Writing the Significance article Picturing the Pictures would not have been possible without the data available from Barry Salt’s database on the Cinemetrics web site. The site is a rich source of data that others may find interesting.
Cinemetrics has been defined by Yuri Tsivian as ‘an open-access interactive website designed to collect, store, and process digital data related to film editing’. This manifests itself, in one database, as information on over 10,000 films in the form of ordered shot lengths that can, equivalently, be represented as cut-points in a film.
Ignoring the time-series structure, questions have arisen as to whether the distribution of shot lengths tends to be lognormal, and how best to summarise and compare distributions. On a log-transformed scale normality and most forms of deviation from it are manifest, so the data are ideal for exploring both informal graphical and formal hypothesis testing approaches for assessing normality. The potential for providing examples to play with in introductory statistics teaching is obvious.
At a different level, problems are posed in taking into account the time-series information available. For those interested in film and/or what might be done along these lines, Tsivian provides a fascinating analysis of the cutting structure in D.W. Griffiths seminal Intolerance (1916). This exposes interpretable patterns across the film as a whole, and contrasting patterns within the four stories, themselves intercut, that constitute the film. Time-series is not my area, but it seems to me that fruitfully applying ideas to explore cutting patterns both within films and across films is challenging.
In another vein, research has been undertaken to investigate whether localised patterns of cutting within films act as markers that subdivide the film into `acts’ analogous to those familiar from theatrical productions, and whether three- or four-act structures are common. I think the question is undecided.
Barry Salt’s database, and the section on shot scale data, was that used in my paper. He has also made available data on camera movement and average shot lengths (ASLs) for several thousands of films. ASLs are the aspect of film quantification that has attracted most attention to date, and how they can be exploited statistically, categorised by period and nationality for example, is illustrated in Salt’s books referenced in the paper.

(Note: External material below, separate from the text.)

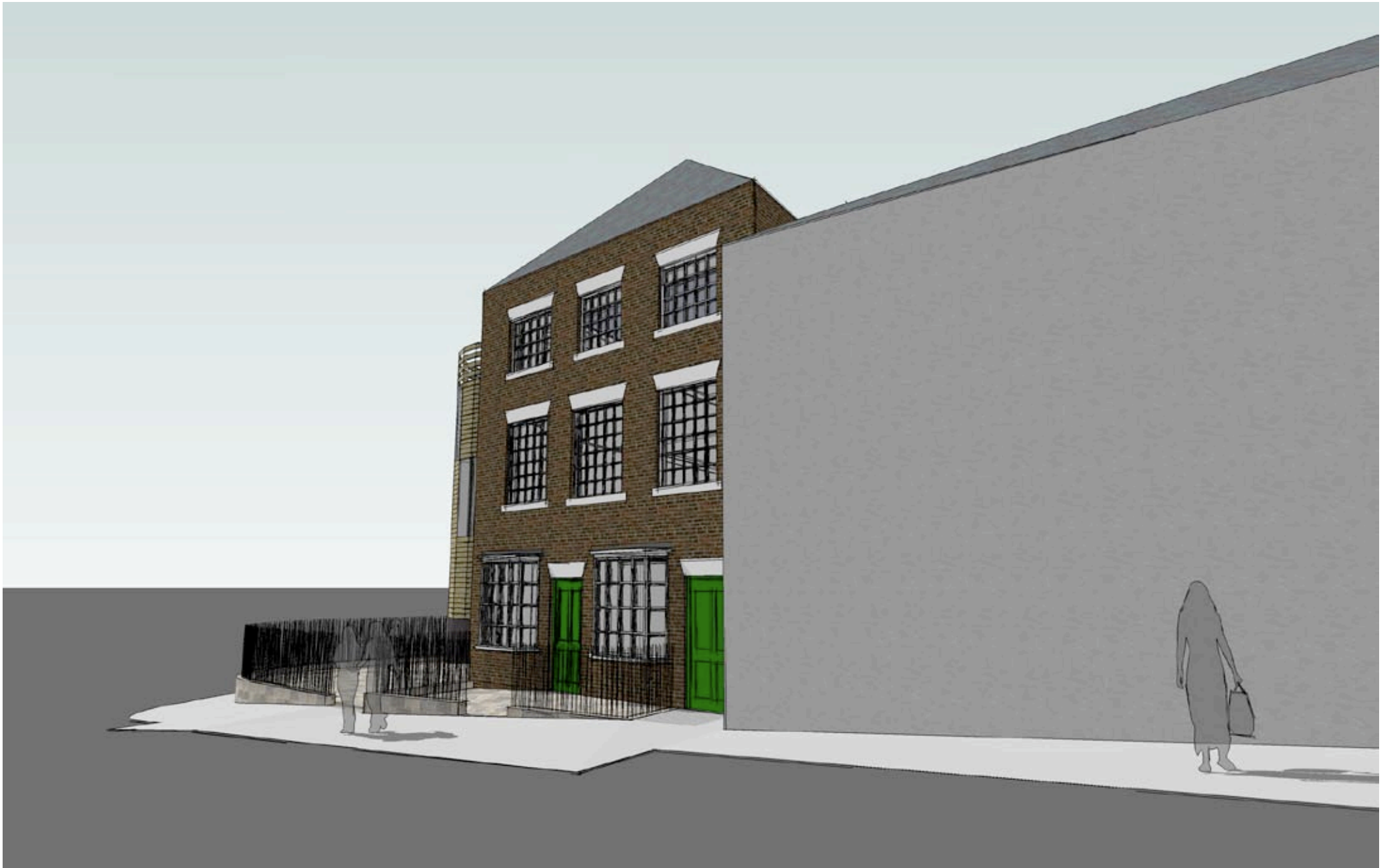
Rochdale Pioneers Museum 13th August 2009 - Proposed Alternative Option

Pattern recognition is at the heart of a considerable body of statistical methodology. It requires quantification, and establishing quantification as a valuable approach to scholarly study in fields where it does not come `naturally’ is a hurdle that often has to be overcome. Cinemetrics is taking important steps in this direction in what may seem, to some, to be an unlikely area and I hope this note may persuade other statisticians to take an interest.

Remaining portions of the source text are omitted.